*Try it*
Exactly reproduce the lines of the listing below from the one containing "今日25日(木)の夜にはベトナム付近で熱帯低気圧に変わる予想です。" through the one containing "朝はホテルの朝食やルームサービスでゆったりモーニング。". Skip the images.

*Material to process*
- Opening Delimiter -

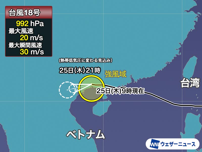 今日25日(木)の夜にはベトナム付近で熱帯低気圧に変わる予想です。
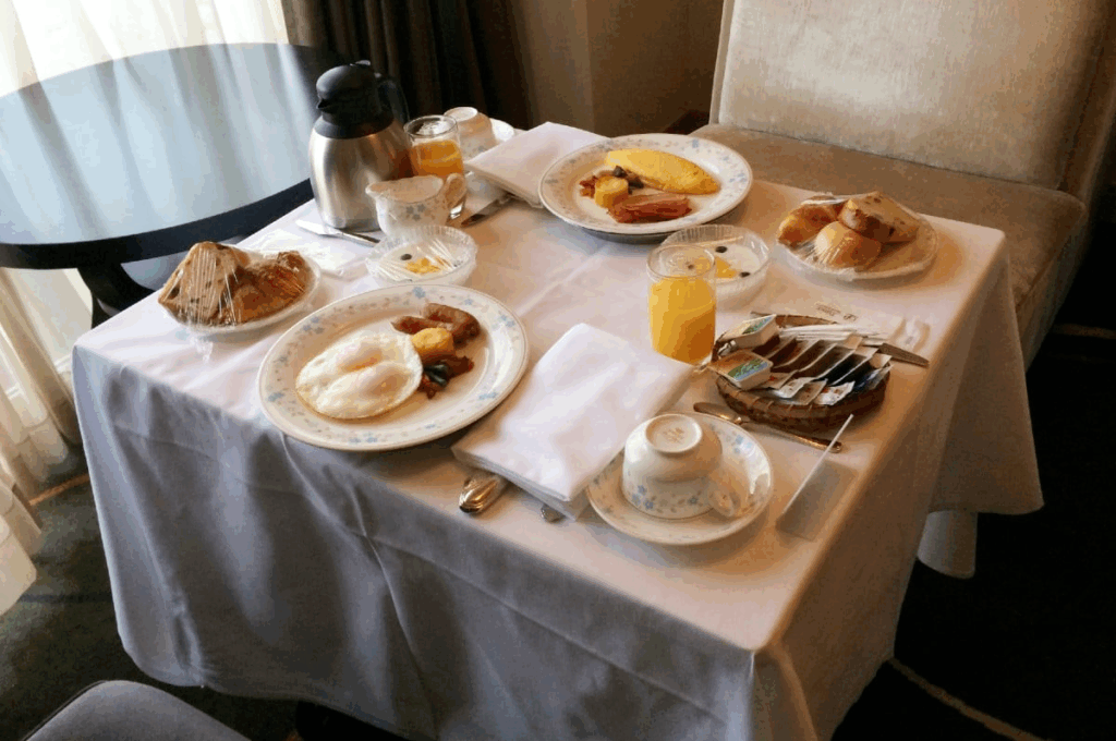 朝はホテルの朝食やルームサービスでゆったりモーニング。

- Closing Delimiter -
- Opening Delimiter -

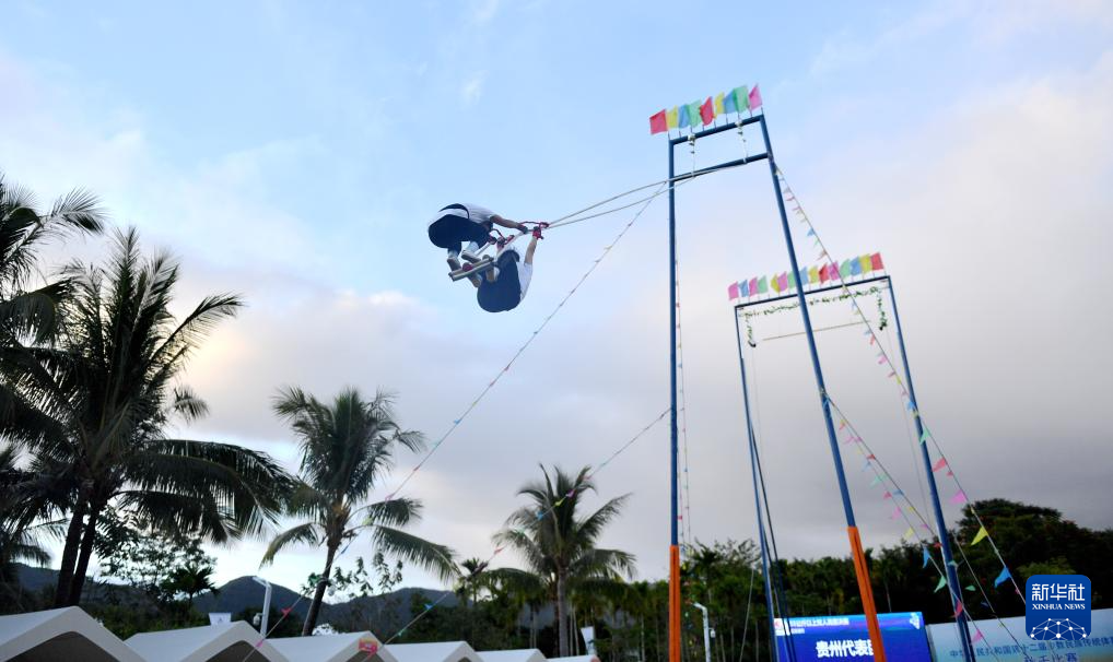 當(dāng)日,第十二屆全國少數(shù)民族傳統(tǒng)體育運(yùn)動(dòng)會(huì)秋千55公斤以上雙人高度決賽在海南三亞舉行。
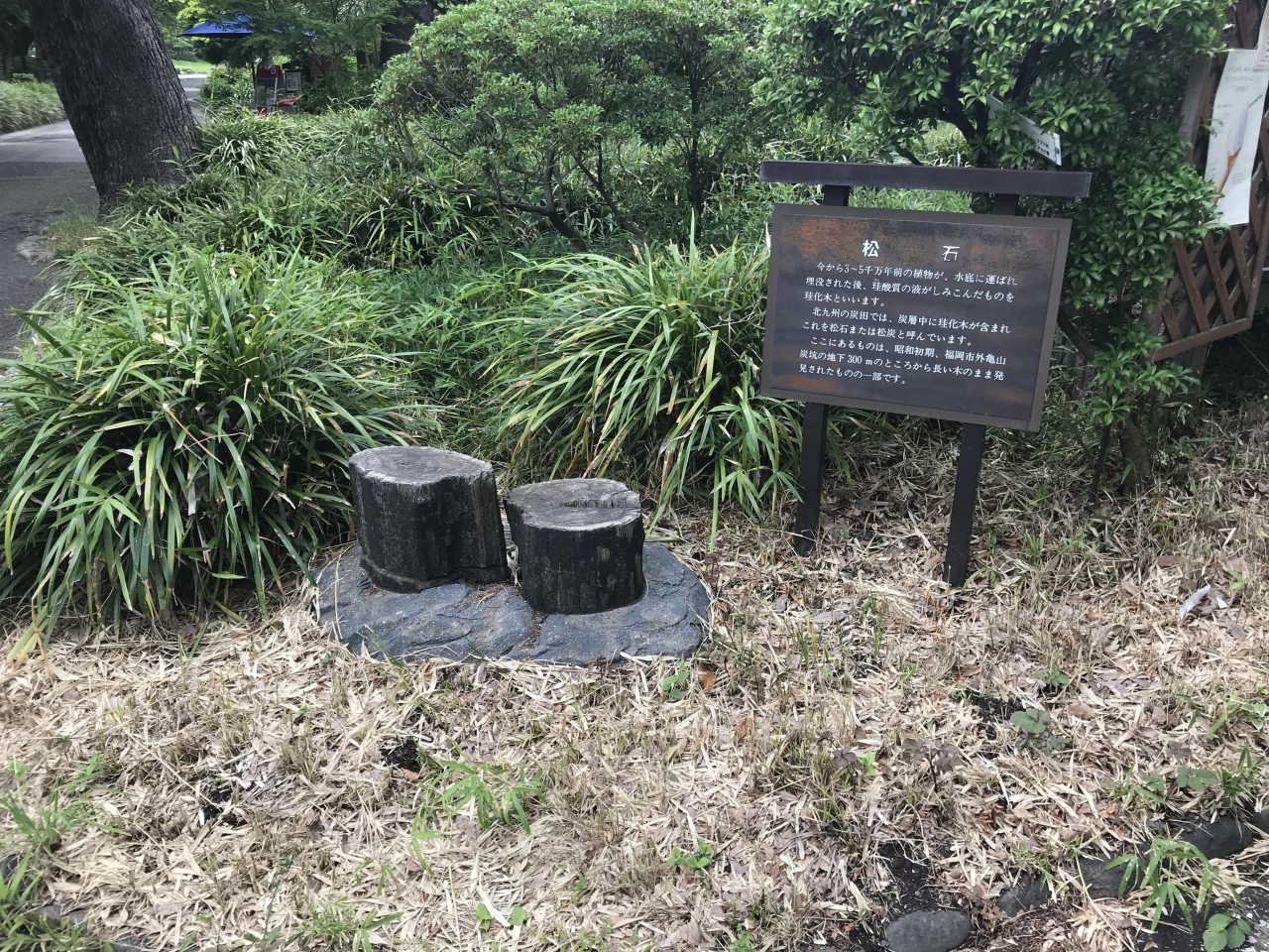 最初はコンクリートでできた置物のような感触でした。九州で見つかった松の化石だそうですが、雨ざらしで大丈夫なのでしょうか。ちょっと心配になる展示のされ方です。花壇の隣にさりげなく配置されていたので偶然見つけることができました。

- Closing Delimiter -

*Answer box*
 今日25日(木)の夜にはベトナム付近で熱帯低気圧に変わる予想です。
 朝はホテルの朝食やルームサービスでゆったりモーニング。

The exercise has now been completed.